TASK PROMPT:
As soon as the line containing "- 扶危定乱:帮助处于危险中的人,稳定混乱的局面。" appears in the material below, start returning lines exactly, and end with the line containing "Dziecięca lampka stołowa, sprawdzi".

DATASET:

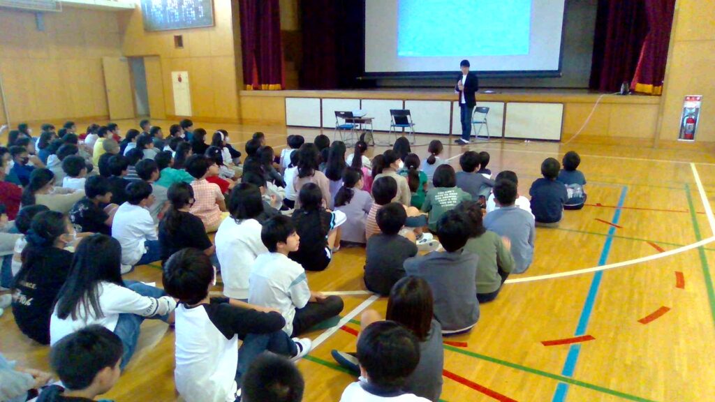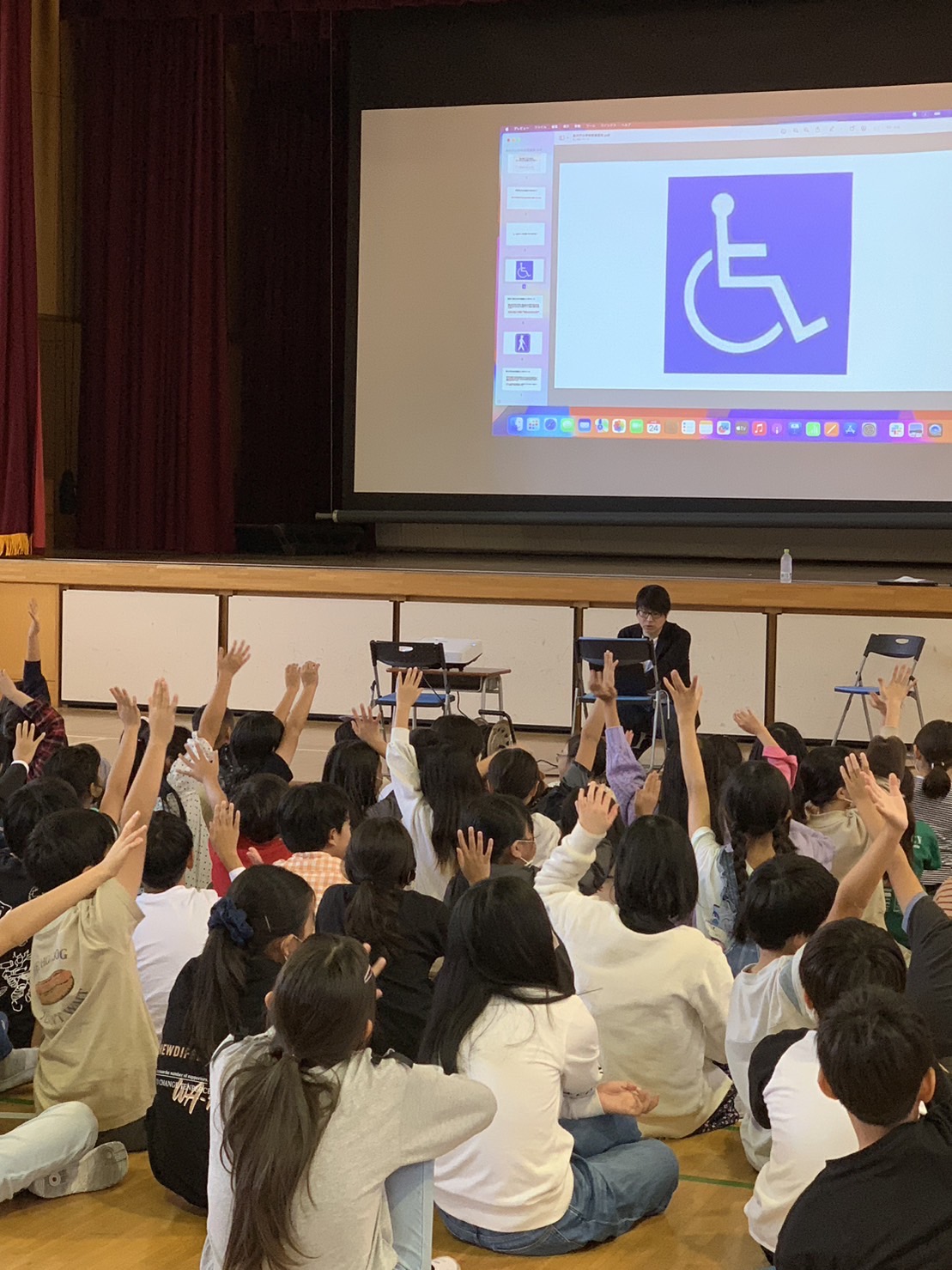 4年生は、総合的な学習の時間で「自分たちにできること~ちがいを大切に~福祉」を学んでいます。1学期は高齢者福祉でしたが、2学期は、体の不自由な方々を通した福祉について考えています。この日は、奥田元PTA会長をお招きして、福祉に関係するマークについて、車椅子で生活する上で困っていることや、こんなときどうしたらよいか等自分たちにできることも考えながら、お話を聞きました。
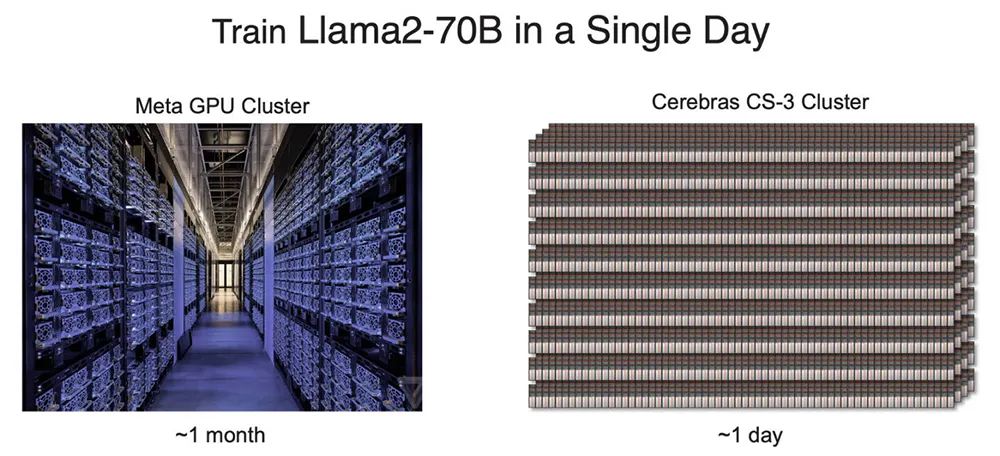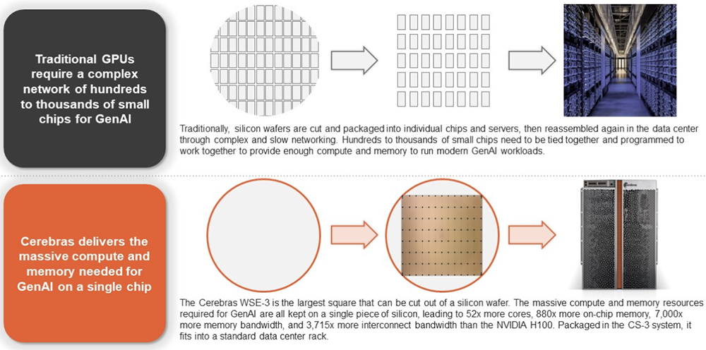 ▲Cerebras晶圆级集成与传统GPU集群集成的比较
---
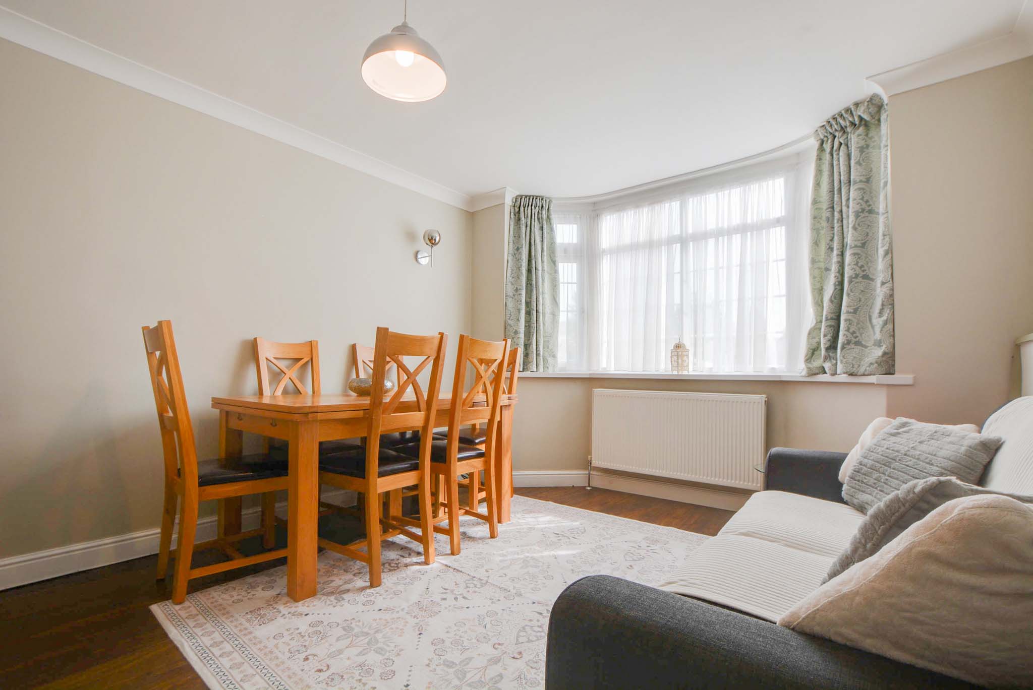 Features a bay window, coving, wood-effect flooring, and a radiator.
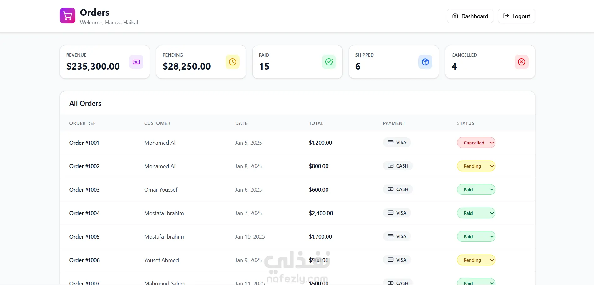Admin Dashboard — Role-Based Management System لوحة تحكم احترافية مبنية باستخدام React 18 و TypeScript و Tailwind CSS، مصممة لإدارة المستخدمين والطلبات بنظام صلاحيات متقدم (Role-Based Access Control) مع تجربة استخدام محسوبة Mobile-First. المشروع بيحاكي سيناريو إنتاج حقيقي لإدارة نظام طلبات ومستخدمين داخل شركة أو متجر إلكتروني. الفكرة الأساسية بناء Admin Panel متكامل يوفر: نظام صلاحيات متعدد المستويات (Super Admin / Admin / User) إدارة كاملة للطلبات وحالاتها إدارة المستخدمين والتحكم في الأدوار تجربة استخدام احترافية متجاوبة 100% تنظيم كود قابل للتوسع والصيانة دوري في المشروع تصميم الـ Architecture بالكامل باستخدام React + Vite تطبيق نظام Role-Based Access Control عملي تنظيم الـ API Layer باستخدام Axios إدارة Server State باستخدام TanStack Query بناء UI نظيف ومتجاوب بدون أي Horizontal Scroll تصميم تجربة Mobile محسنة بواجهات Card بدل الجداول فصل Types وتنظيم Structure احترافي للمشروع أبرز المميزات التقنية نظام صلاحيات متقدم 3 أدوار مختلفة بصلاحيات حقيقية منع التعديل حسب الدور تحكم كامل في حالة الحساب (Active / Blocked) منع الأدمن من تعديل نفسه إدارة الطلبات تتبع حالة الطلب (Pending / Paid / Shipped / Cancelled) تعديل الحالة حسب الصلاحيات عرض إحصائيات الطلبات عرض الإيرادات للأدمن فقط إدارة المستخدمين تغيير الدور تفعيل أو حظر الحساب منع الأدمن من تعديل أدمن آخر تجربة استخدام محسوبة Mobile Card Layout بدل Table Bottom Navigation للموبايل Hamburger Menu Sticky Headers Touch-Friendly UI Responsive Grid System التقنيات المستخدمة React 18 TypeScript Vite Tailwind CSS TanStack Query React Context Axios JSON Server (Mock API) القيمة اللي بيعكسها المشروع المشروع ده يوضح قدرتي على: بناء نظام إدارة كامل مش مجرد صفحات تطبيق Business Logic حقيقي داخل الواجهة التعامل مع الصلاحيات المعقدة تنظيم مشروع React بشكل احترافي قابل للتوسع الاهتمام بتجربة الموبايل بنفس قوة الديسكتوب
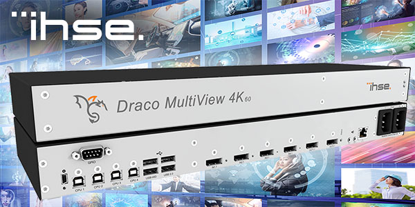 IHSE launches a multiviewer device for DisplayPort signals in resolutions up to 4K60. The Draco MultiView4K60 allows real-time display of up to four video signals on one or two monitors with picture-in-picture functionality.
--
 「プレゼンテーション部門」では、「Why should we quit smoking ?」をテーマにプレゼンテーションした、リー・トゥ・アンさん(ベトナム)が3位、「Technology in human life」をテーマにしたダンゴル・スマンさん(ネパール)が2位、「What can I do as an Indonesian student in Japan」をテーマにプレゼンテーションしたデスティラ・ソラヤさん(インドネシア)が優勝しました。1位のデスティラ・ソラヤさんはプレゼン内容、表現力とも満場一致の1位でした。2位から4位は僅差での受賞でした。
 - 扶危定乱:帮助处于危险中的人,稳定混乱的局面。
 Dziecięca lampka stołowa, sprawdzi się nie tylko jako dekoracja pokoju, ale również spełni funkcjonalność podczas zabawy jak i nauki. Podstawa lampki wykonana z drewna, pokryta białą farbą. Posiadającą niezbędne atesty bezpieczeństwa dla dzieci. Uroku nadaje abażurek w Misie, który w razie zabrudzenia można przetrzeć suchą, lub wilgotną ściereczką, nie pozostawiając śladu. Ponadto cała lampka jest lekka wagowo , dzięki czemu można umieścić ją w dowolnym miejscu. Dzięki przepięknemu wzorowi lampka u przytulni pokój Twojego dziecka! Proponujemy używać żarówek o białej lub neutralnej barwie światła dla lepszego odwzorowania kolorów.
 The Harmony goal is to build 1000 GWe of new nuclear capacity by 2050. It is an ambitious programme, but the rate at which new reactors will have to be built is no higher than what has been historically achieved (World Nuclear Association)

FINISHED EXERCISE:
 - 扶危定乱:帮助处于危险中的人,稳定混乱的局面。
 Dziecięca lampka stołowa, sprawdzi się nie tylko jako dekoracja pokoju, ale również spełni funkcjonalność podczas zabawy jak i nauki. Podstawa lampki wykonana z drewna, pokryta białą farbą. Posiadającą niezbędne atesty bezpieczeństwa dla dzieci. Uroku nadaje abażurek w Misie, który w razie zabrudzenia można przetrzeć suchą, lub wilgotną ściereczką, nie pozostawiając śladu. Ponadto cała lampka jest lekka wagowo , dzięki czemu można umieścić ją w dowolnym miejscu. Dzięki przepięknemu wzorowi lampka u przytulni pokój Twojego dziecka! Proponujemy używać żarówek o białej lub neutralnej barwie światła dla lepszego odwzorowania kolorów.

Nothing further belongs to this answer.